我有这样的df。
import pandas as pd
import numpy as np
user = pd.DataFrame({'User':['101','101','101','102','102','101','101','102','102','102','102','102'],'Country':['India','Japan','India','Brazil','Japan','UK','Austria','Japan','Singapore','UK','UK','UK']
,'Count':[85,78,70,5,6,8,60,30,5,6,5,4]})

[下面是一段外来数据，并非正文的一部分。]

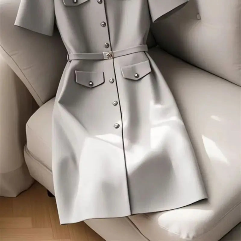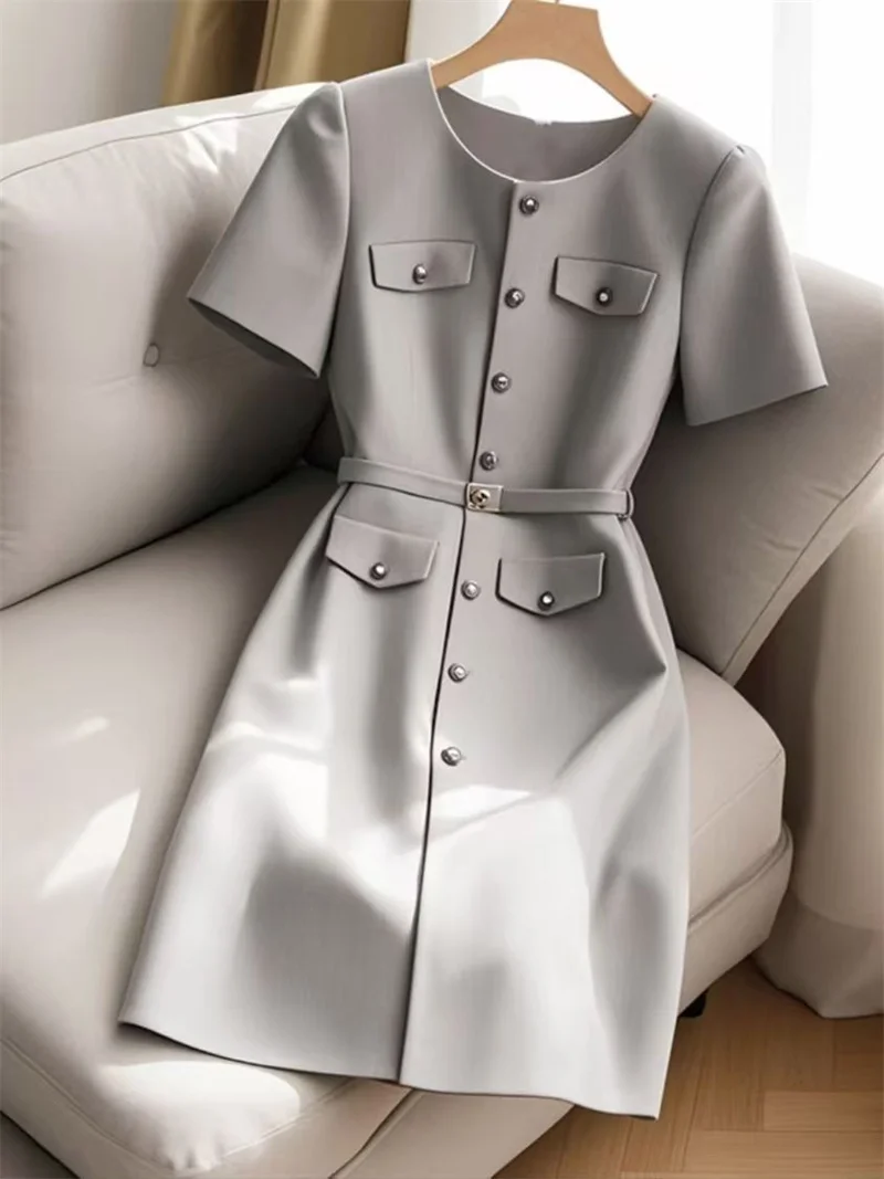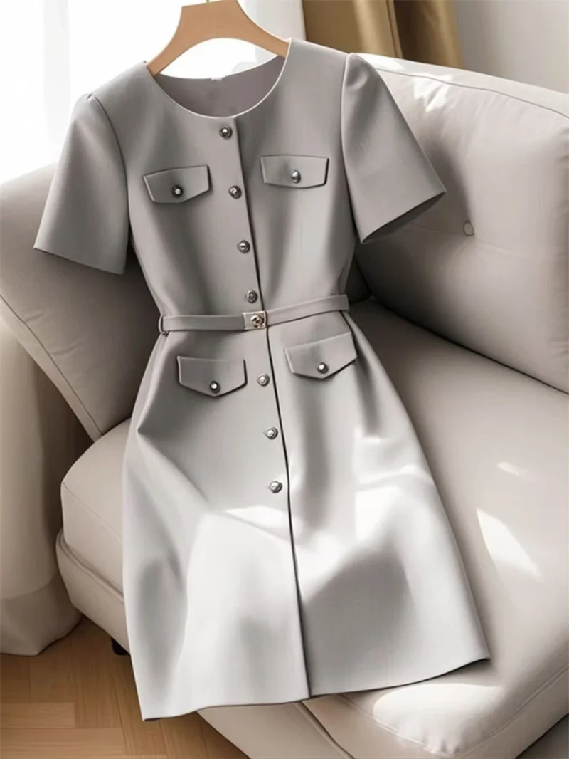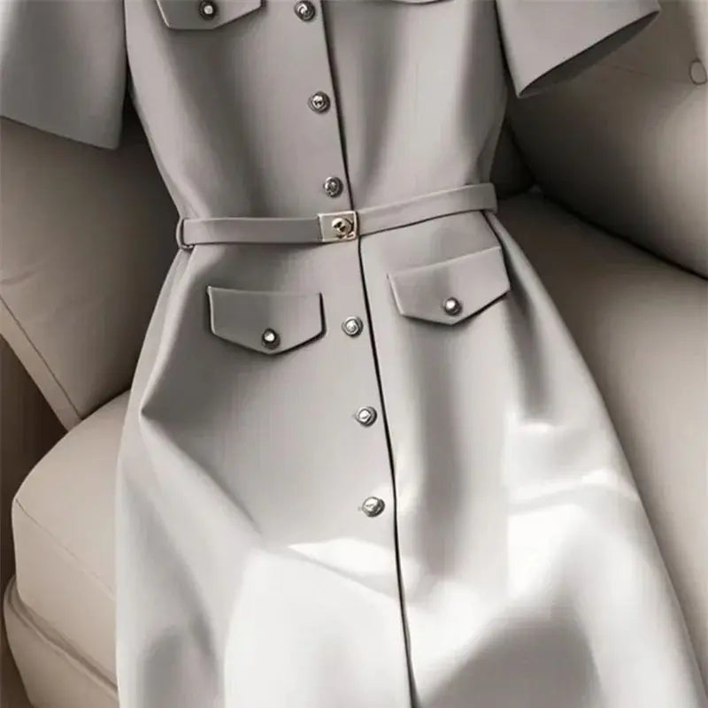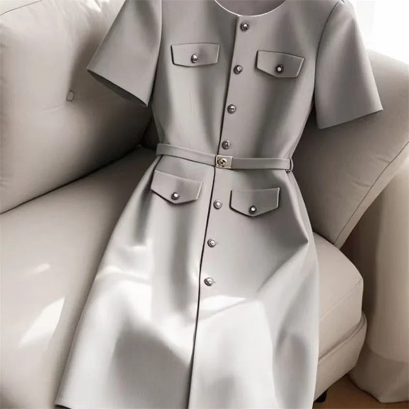 MQTIME - Elegant Women Formal Party Midi Dress Summer New Fashion Short Sleeve Single Breasted Office Lady A-Line Dresses with Belt 305B
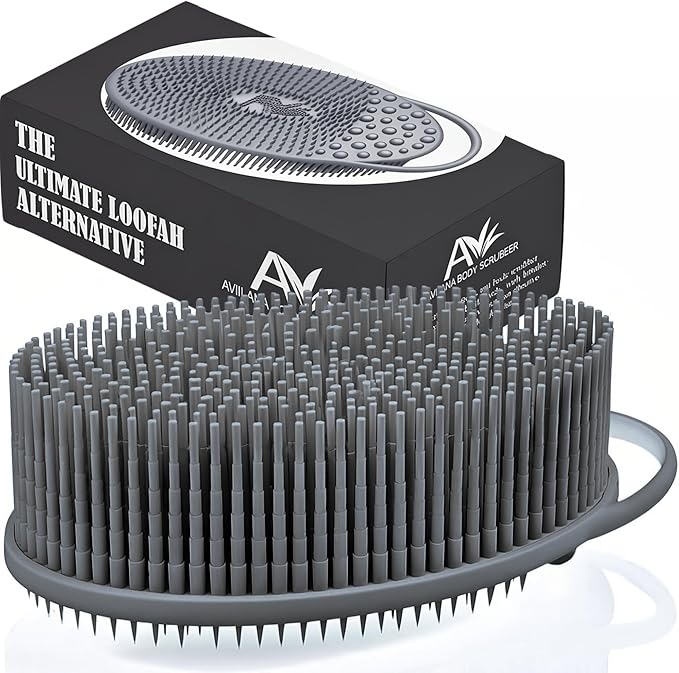 Avilana Silicone Body Scrubber – Gentle Shower Brush & Loofah Alternative- Food Grade & Lab Tested – Fast-Drying, Hygienic, BPA-Free Silicone Body Gentle Exfoliator (Gray, Exfoliate)
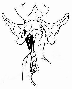 穿颅术先穿破胎儿头颅,捣碎脑质,再夹碎颅骨使体积缩小,便于娩出。手术多在死胎急需娩出,臀位死产头娩出有困难以及脑积水儿无法娩出等情况下进行。 一、手术条件 (一)宫口开全或近于开全;(二)骨腔至少能容一手通过,如过于狭窄,虽穿颅也难以从阴道娩出胎儿。 二、手术步骤 (一)穿颅 顶先露时以囱门或骨缝作为穿刺点,颜面先露则经眼窝或由口腔经上腭刺入,臀位产后出头由枕骨大孔或颈椎刺入。头未固定者,由助手在腹部施压固定。 右手握穿颅器,在左手保护下送入阴道,并用食、中二指将刃部固定于穿刺点上,避免刺进时滑脱损伤产道软组织(图231)。刺入颅内后,张开两刃,旋转90度再撑开,以进一步扩大创口(图233)。然后将刃的全部伸入颅内,来回捣碎脑质使从破口流出,颅骨随即塌陷,体积缩小。最后闭合两刃,在左手保护下退出阴道。无穿颅器时,可用长剪代替。 (二)碎颅 先将碎颅器的无窗内叶经破口置入颅内,凸面指向额骨内面,然后放入有窗外叶,凹面向着额骨外面,作适当调整使二柄扣合,拧紧螺旋(图232)。 如系三叶碎颅器,则先放入中心杆,再相继置放前、后叶,拧紧螺旋后牵引。能用二叶牵出胎儿者,即不一定要用三叶。 (三)牵引 仔细检查,避免夹住产道软组织。然后顺产轴缓缓牵出胎儿。一手应始终置儿头周围,以防破碎颅骨损伤软产道。 如无碎颅器,可用有齿长钳数把紧夹颅骨,另将手指伸入儿口扣住上腭协同牵出胎儿(图234)。
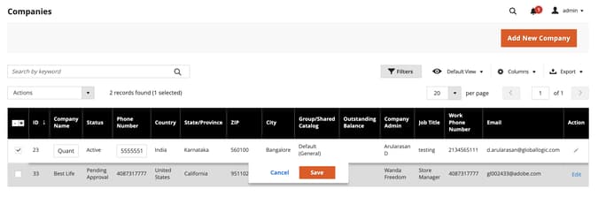 Busque la empresa en la cuadrícula y haga clic en Edit en la columna Action.
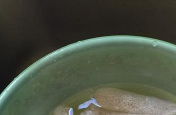 第二步:淘洗粳米,沥干水后放入砂锅中加入水。
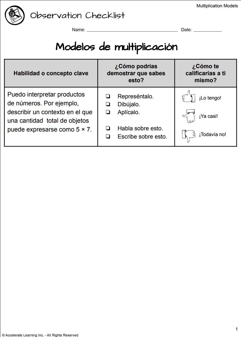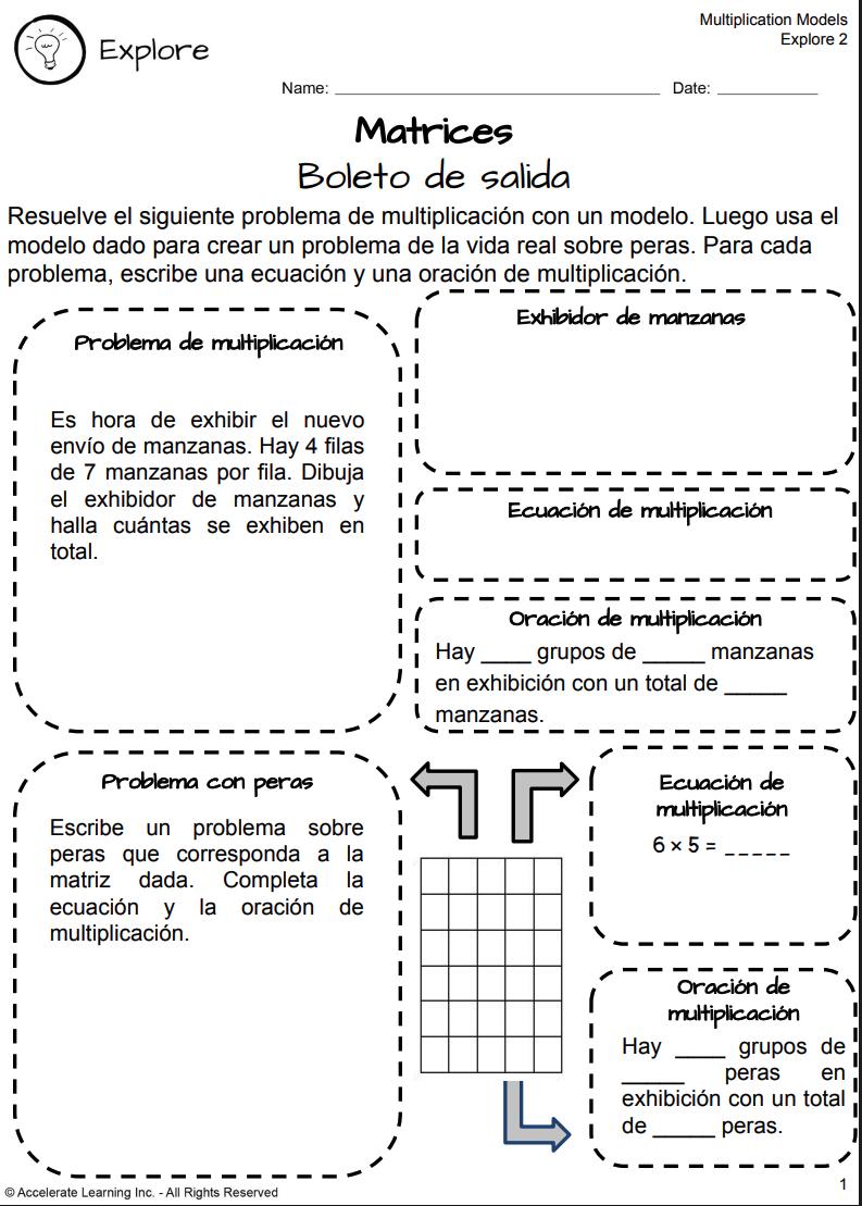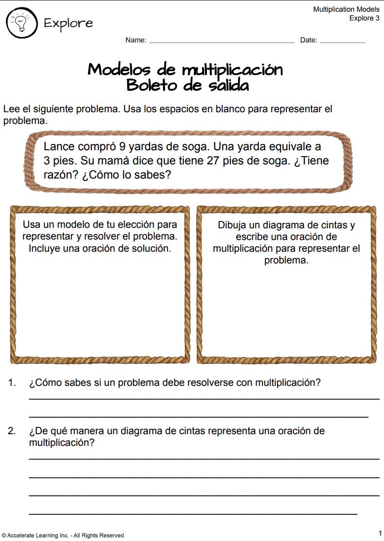 • Se utiliza un boleto de salida para evaluar la comprensión de los estudiantes de los conceptos de multiplicación explorados.
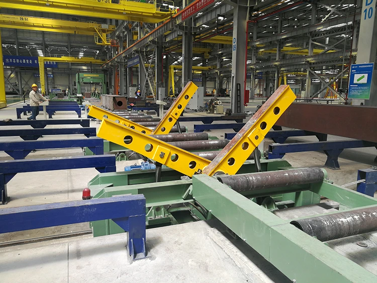 Soláthraítear dhá ríomhaire de chumhróirí bíoma hiodrálacha sochorraithe i ngach tacar, a úsáidtear go príomha chun ró -chasadh a dhéanamh ar phíosaí oibre tar éis iad a tháthú ar thaobh amháin. Nuair a bhíonn tú ag obair, tóg an phíosa oibre ar shiúl ón mbord sorcóir nó ón raca oibre, agus spreagann an reducer an dá lúibín ar ais chun gluaiseacht go sioncronach chun an phíosa oibre a bhogadh go taobh an bhoird sorcóra nó an raca oibre. Ansin, tiomáint dhá shorcóir hiodrálacha an dá arm L-chruthach chun rothlú go sioncronach. Tar éis an phíosa oibre a chur ar ceal, aistrítear é go lár an bhoird sorcóra nó an raca oibre, agus ansin iompraítear an phíosa oibre go dtí an chéad phróiseas eile nó táthaithe.
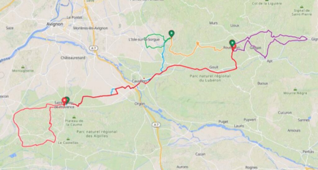 <Lassen Sie heute das Wasser hinter sich und wagen Sie sich tiefer in das Luberon-Tal vor, wobei Sie ein oder zwei seiner spektakulärsten Dörfer auf Hügelkuppen besuchen. Obwohl die Strecke kurz ist, gibt es heute drei Anstiege auf der Route, beginnend direkt beim Verlassen von Fontaine-de-Vaucluse – aber keine Sorge, die Landschaft macht dies mehr als wett! Nach einem Abschnitt durch die Landschaft, vorbei an Weinbergen und Olivenbäumen, führt die Route hinauf nach Gordes, einem beliebten Urlaubsort von A-Prominenten und einem großartigen Aussichtspunkt über das Luberon-Tal. Anschließend geht es hinunter auf den Talboden, und die Route setzt sich ostwärts fort, vorbei an Lavendelfeldern, bis Sie sich den ockerfarbenen Klippen von Roussillon nähern.
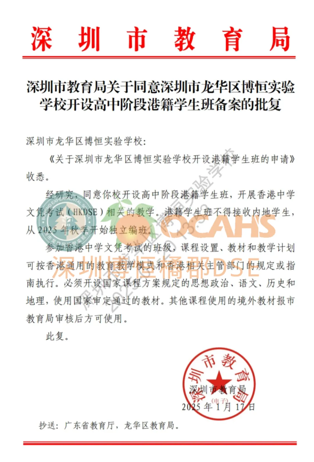 深圳博恆橘郡DSE成立于2017年,經深圳市教育局正式備案,納入深圳市中考港澳課程自主招生範圍(中招代碼:8311024),是大灣區國際教育聯合會首批成員學校。作爲首批落地深圳辦學的專業香港DSE課程教學團隊,發展至今已經培養了8屆畢業生,累計畢業生超過千餘名。自成立以來,我校畢業生40.7%被港前三大學錄取,51.9%被港前五大學錄取,香港八大及國內985/211大學錄取率達到96%,畢業生名校錄取率以及畢業生數量居全國前列。
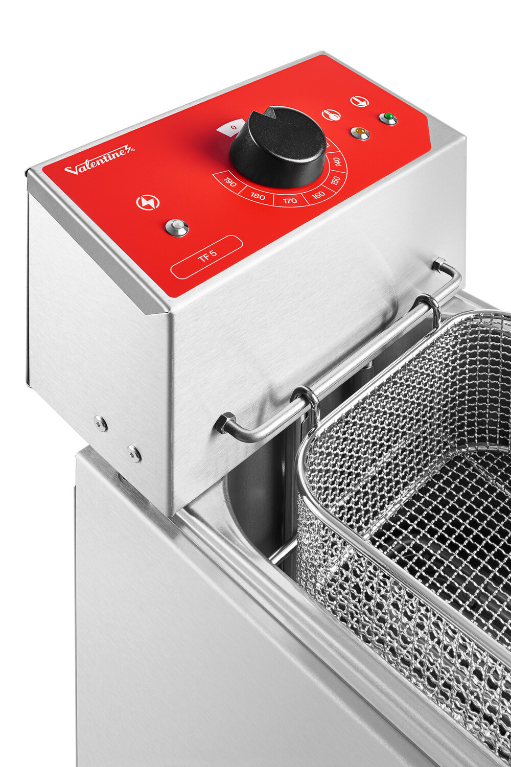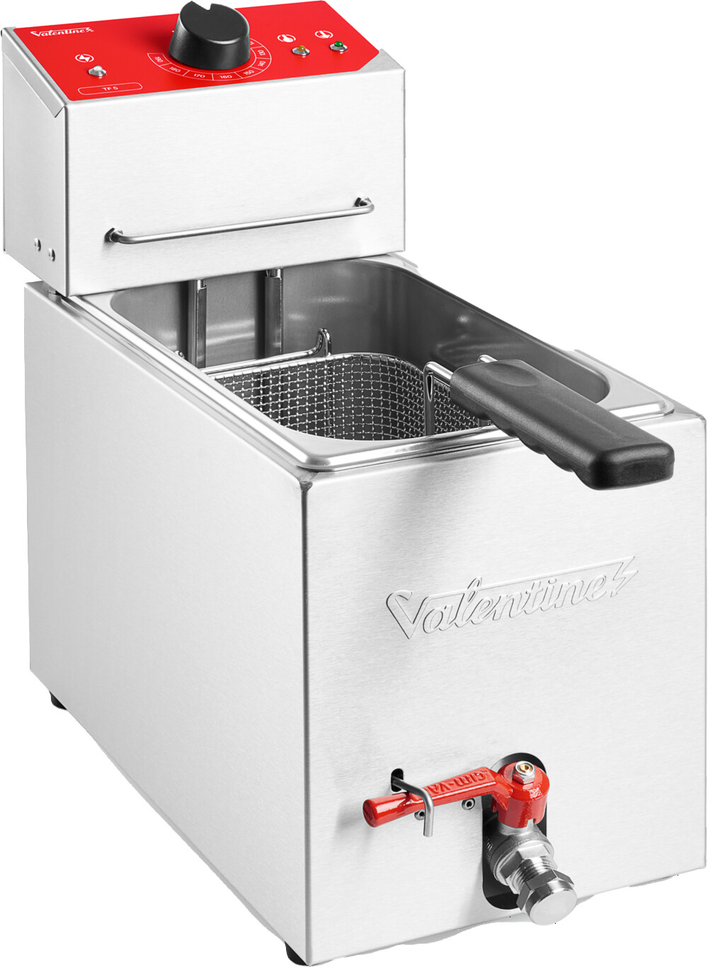 Komplett aus Edelstahl, gesicherter Öl-Ablasshahn mit schraubverschluss, das tiefgezogene und nahtlose Ölbecken mit abgerundeten Ecken erleichtert die Reinigung und verhindert Schmutzablagerungen, Friteuse aus drei Teilen für eine erleichterte Pflege und Reinigung; das Ölbecken und Gehäuse können in der Geschirrspülmaschine gereinigt werden.
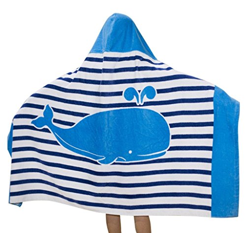 Zinsale Cartone Bambini Telo da Bagno con Cappuccio Telo Mare Poncho in Morbido Cotone Bambini Accappatoio Coperta (Blue Stripe Whale)
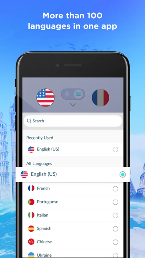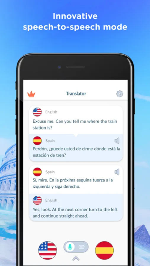• Language detection happens automatically: our voice translator recognizes chosen pair of languages right after you start the conversation
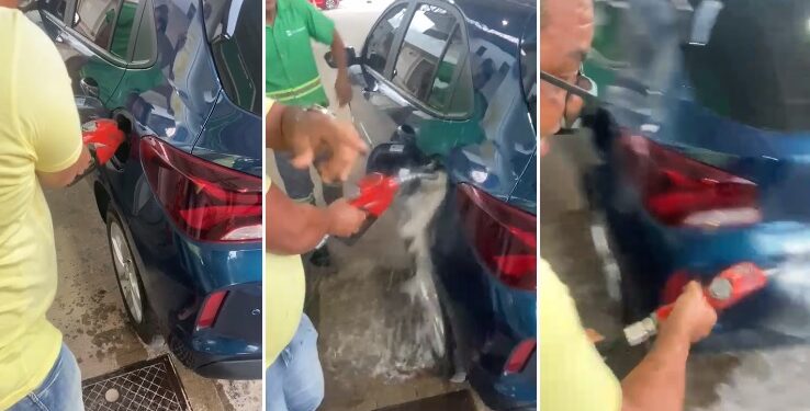 Nas imagens, o homem toma a mangueira das mãos de um frentista, faz questão que o combustível derrame e começa a jogar no veículo.

我想对计数列进行排序,然后将前30%的行分配给组3,然后将下30%的行分配给2,其余30%的行分配给组1。我该怎么做。这是我的预期输出。前4列。并查看我的计算结果我如何划分30%,30%,40%
答案 0 :(得分:1)
您首先需要按sort_values
对列进行排序,然后对groupby
和具有自定义功能的numpy.split
进行排序,并将每个组的长度返回到新DataFrame的新行:
完美MaxU answer的想法,谢谢。
用于顶部30-30-30
:
user = user.sort_values(['User','Count'], ascending=[True, False])
def f(x):
#split to 4 groups, because 3 + 3 + 3 != 1
a, b, c, d = np.split(x, [int(.3*len(x)), int(.6*len(x)), int(.9*len(x))])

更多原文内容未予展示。